Mengenang Kembali Sosok Gus Dur di UIN Maliki Malang
Kiranya banyak orang tidak tahu, bahwa Gus Dur atau KH Abdurrahman Wahid sesungguhnya memiliki hubungan sejarah yang sangat dekat dengan UIN Malang. Ketika kampus ini, masih bernama Fakultas Tarbiyah IAIN Sunan Ampel Malang, Gus Dur pernah menjadi dosen luar biasa. Ceritanya juga unik. Bukan Gus Dur melamar menjadi dosen, tetapi justru sebaliknya. Gus Dur diminta oleh Pak A.Malik Fadjar-waktu itu sebagai sekretaris fakultas, agar bersedia menjadi dosen di tingkat doctoral.
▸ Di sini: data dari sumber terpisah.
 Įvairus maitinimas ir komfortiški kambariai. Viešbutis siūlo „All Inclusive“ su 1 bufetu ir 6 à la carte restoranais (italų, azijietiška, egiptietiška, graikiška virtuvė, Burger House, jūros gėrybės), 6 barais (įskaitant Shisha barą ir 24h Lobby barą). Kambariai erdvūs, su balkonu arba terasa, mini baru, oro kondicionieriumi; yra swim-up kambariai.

Hingga sampai pulang dari Baghdad, Irak, Gus Dur ternyata belum mendapatkan ijazah sarjana. Kemudian apakah ijazah masih dianggap penting, atau alasan apa, Gus Dur berniat kuliah di IAIN Sunan Ampel Surabaya di tingkat doctoral. Oleh karena dia tidak memiliki dokumen yang diperlukan, niat itu ternyata ditolak oleh Rektor. Tentu, akhirnya niat itu tidak terlaksana.
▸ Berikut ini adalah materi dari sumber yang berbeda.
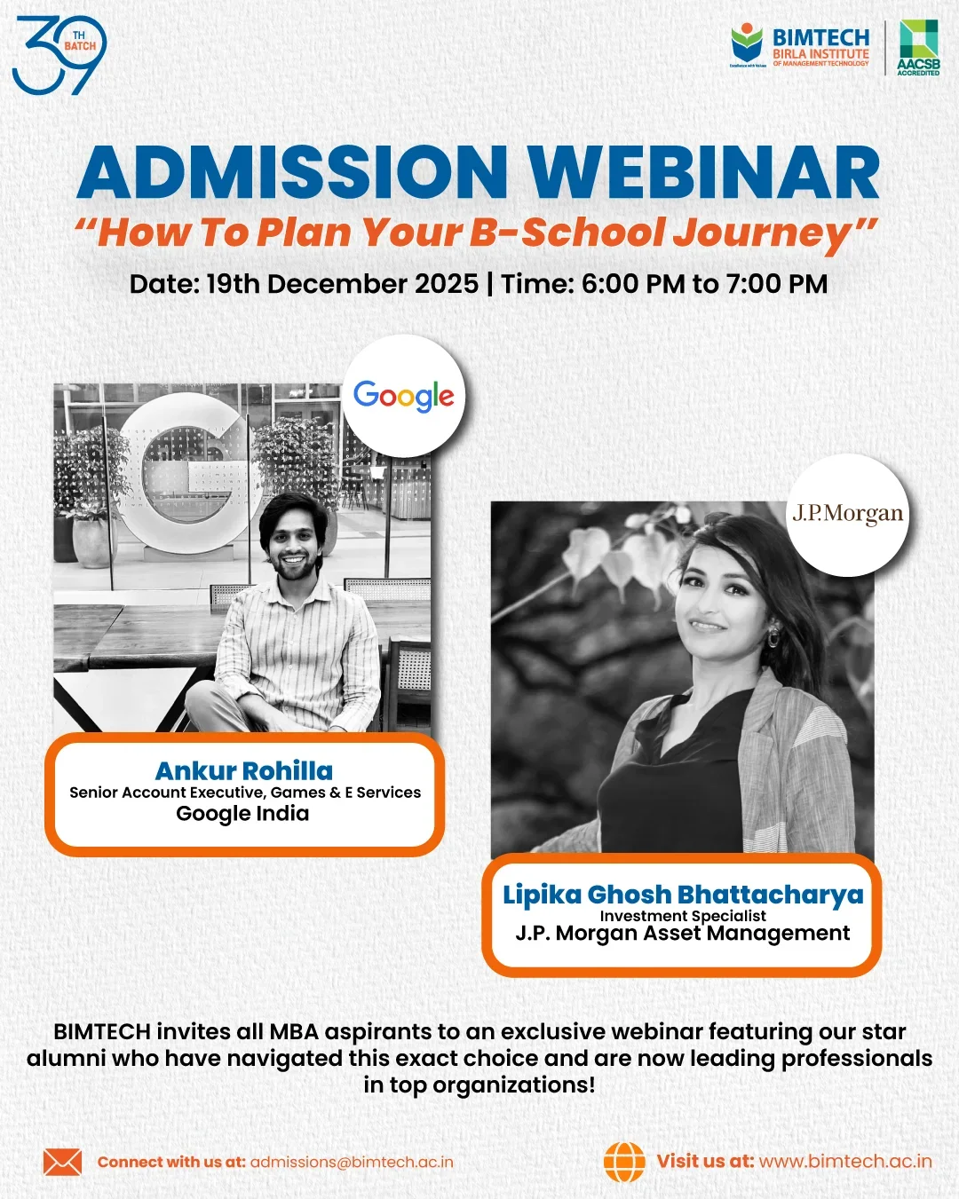 Birla Institute of Management Technology (BIMTECH) has invited MBA aspirants to an exclusive Admission Webinar where their distinguished alumni will share real-world insights on planning a successful B-School journey.

Mendengar kabar bahwa Gus Dur berniat kuliah itu, maka Pak A.Malik Fadjar, yang saat itu menjabat sebagai Sekretaris Fakultas Tarbiyah IAIN Sunan Ampel Malang, mendatangi Gus DUs ke Jombang. Pak Malik menawarkan, agar Gus Dur bergabung saja ke IAIN Malang. Dijelaskannya kepada Gus Dur, bahwa di IAIN Malang juga telah ada program doctoral. Pak Malik Fadjar, sedemikian percaya terhadap kematangan dan luasnya ilmu serta wawasan Gus Dur, sehingga menawarinya menjadi dosen di tingkat doctoral. Namun dalam ceritanya, Gus Dur tidak segera menerima, dengan alasan tidak punya pangkat akademik. Pak Malik Fadjar, menyanggupi akan memberi, sebagaimana yang diperlukan, yaitu pangkat IV a atau rector kepala.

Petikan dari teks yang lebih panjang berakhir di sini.